▶ **Assigned task**
Should pictures appear among the records, leave them out, and copy exactly only the lines from the first through the one with "校長先生が放送で チューリップの球根と花の苗を植えるお手伝いを募ったところ", inclusive.

▶ **Information supplied**
++++++++++++++++++++
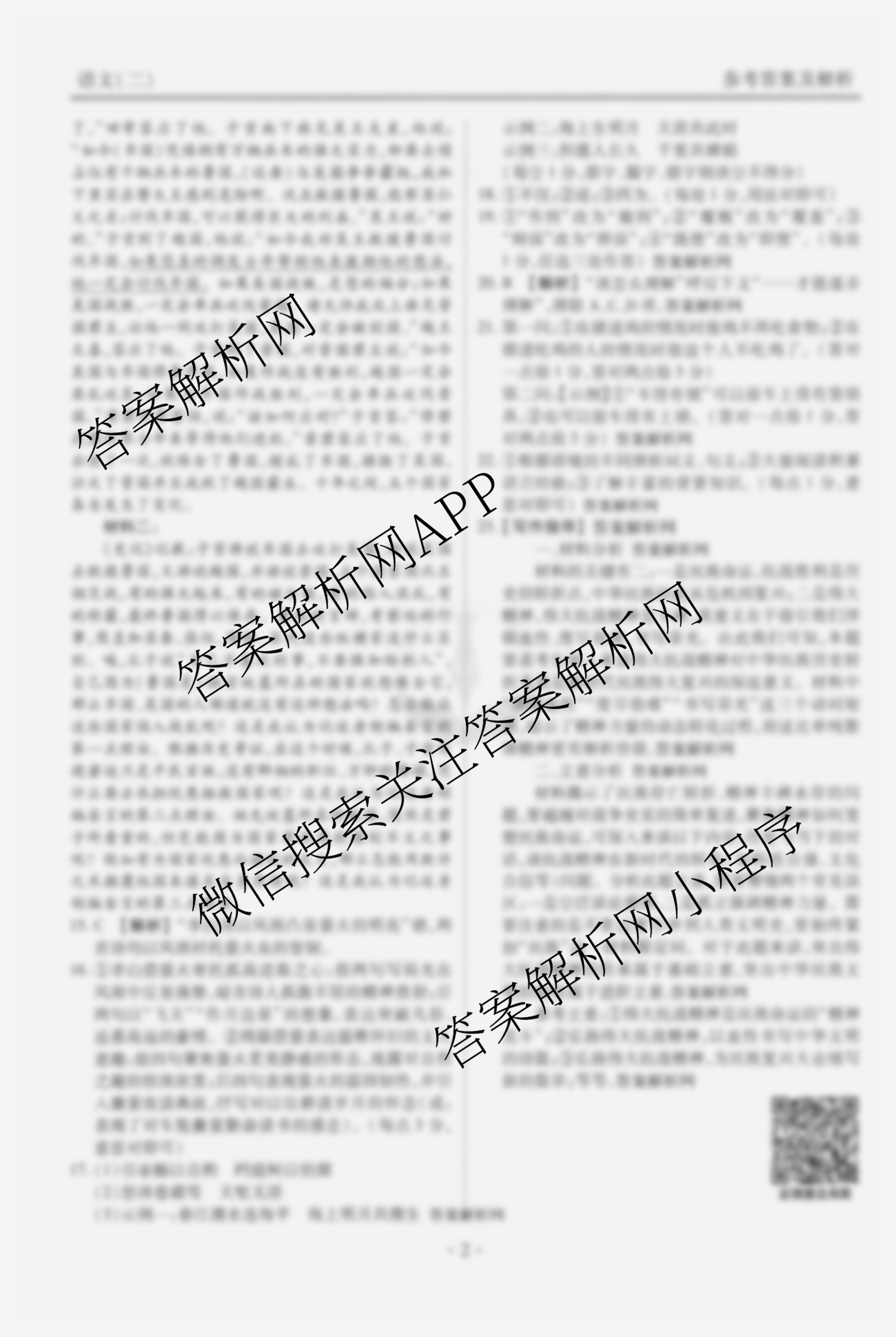 - [衡水金卷先享题]夯基卷 2026年普通高等学校招生全国统一考试模拟 语文(二)2答案
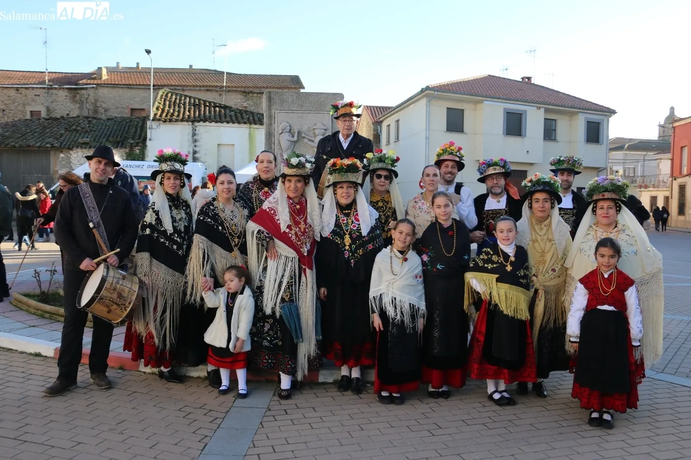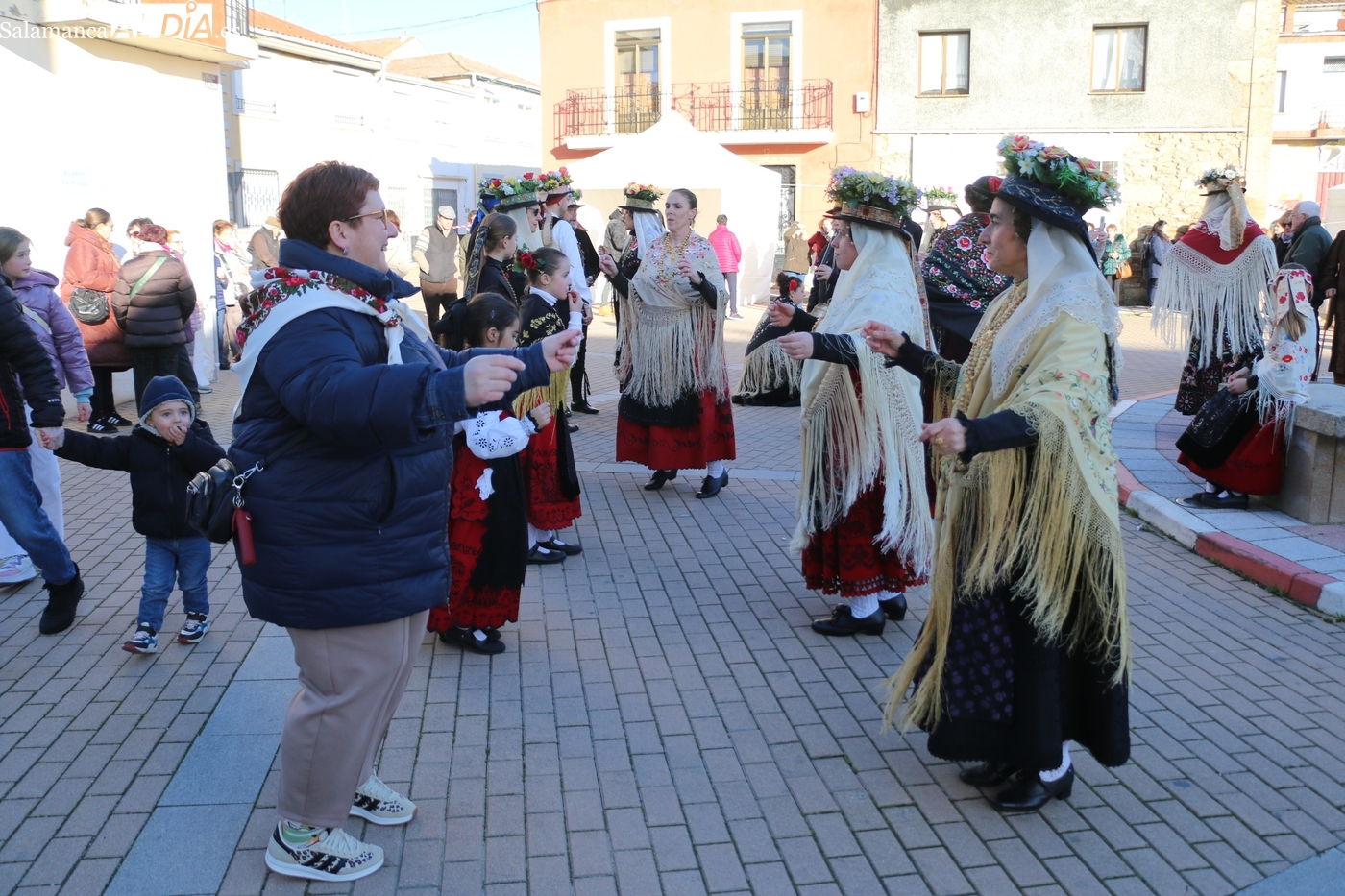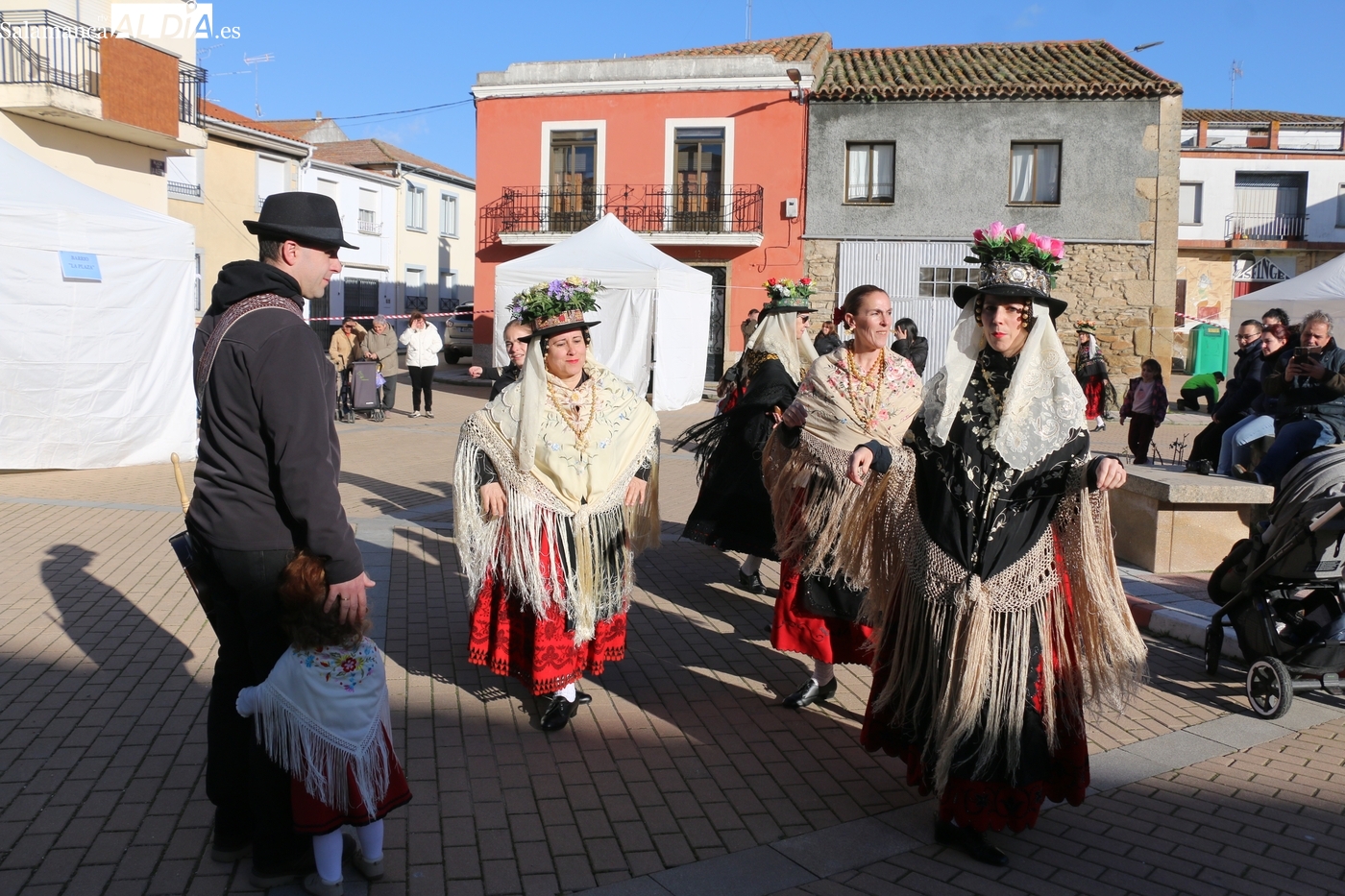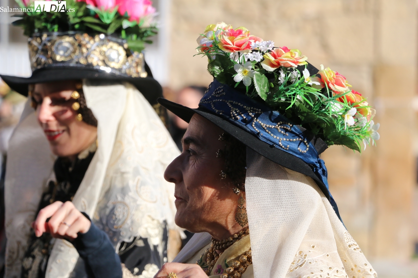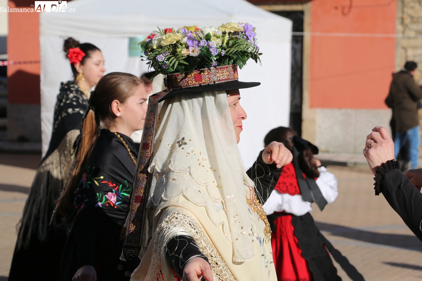 El protagonismo artístico de la jornada ha recaído en el grupo de folclore Santa María de Liminares. Sus integrantes han llenado de color la plaza luciendo sus trajes charros, joyas y complementos, entre los que han destacado los vistosos tocados de sombreros floreados, típicos de esta zona del Abadengo.
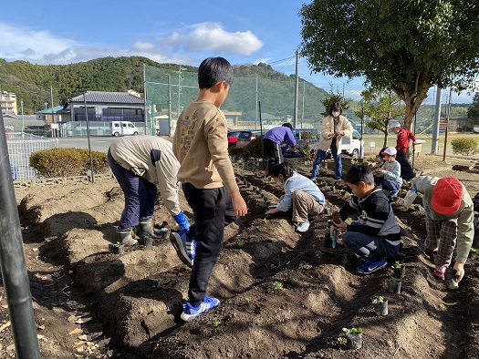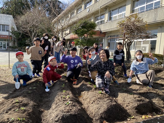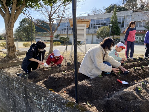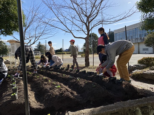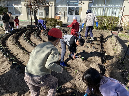 校長先生が放送で チューリップの球根と花の苗を植えるお手伝いを募ったところ
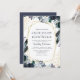 Eleganta marinblå bröllopsinbjudningar med en trendig vit bakgrund som kan ändras till valfri färg, rustika boho blå vattenfärg blommor, en guldgeometrisk ram, guldglitter och en modern bröllopsmall.
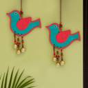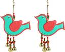 ExclusiveLane 'The Robin Twins' Handmade & Hand-painted Decorative Wall Hanging In Terracotta (Set of 2) Pack of 2 (14.3 cm X 2.3 cm, WALL HANGING: Multicoloured, BELLS: Golden)
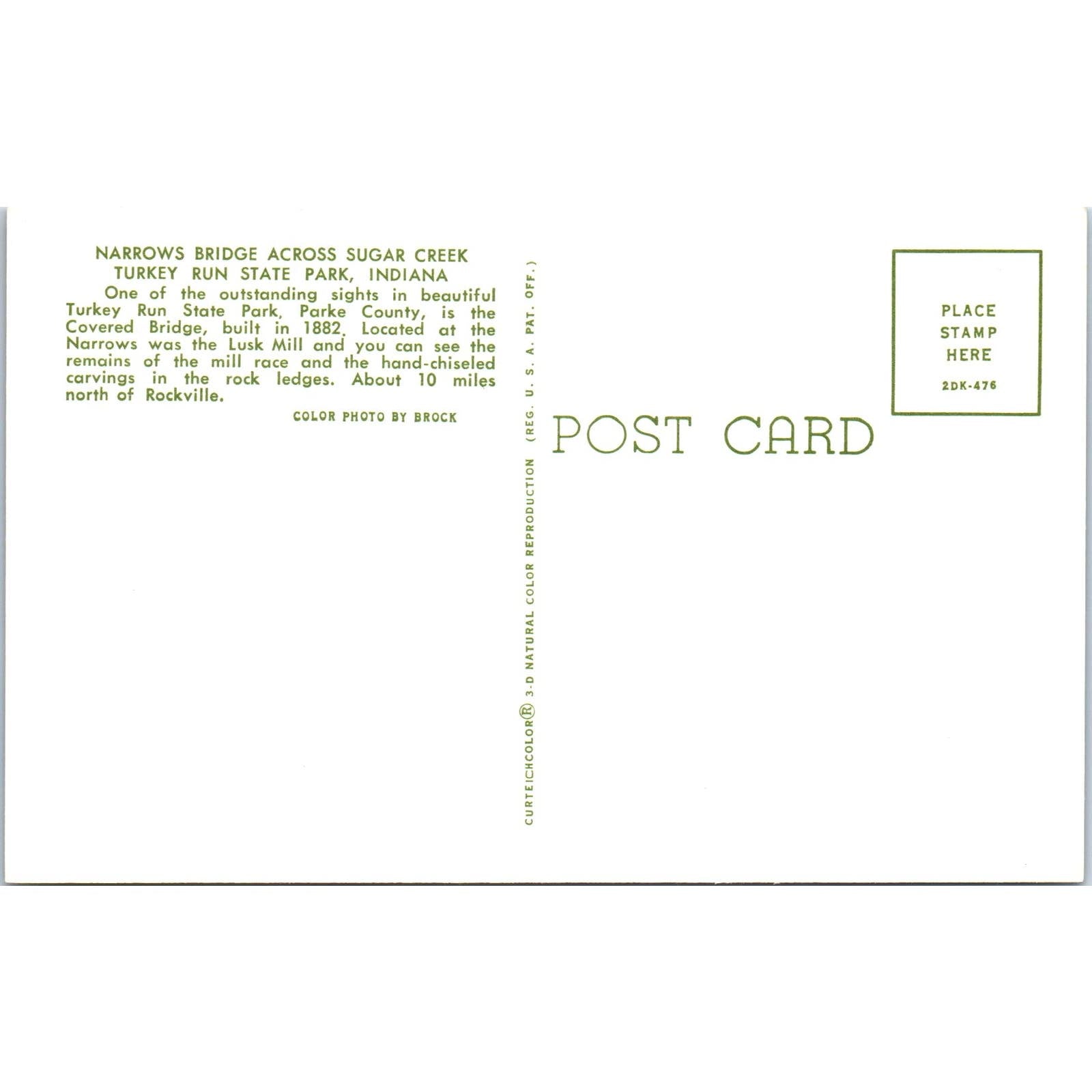 Narrows Bridge Sugar Creek Indiana Vintage Covered Bridge Postcard PD6
++++++++++++++++++++
▶ **Task response**
 - [衡水金卷先享题]夯基卷 2026年普通高等学校招生全国统一考试模拟 语文(二)2答案
 El protagonismo artístico de la jornada ha recaído en el grupo de folclore Santa María de Liminares. Sus integrantes han llenado de color la plaza luciendo sus trajes charros, joyas y complementos, entre los que han destacado los vistosos tocados de sombreros floreados, típicos de esta zona del Abadengo.
 校長先生が放送で チューリップの球根と花の苗を植えるお手伝いを募ったところ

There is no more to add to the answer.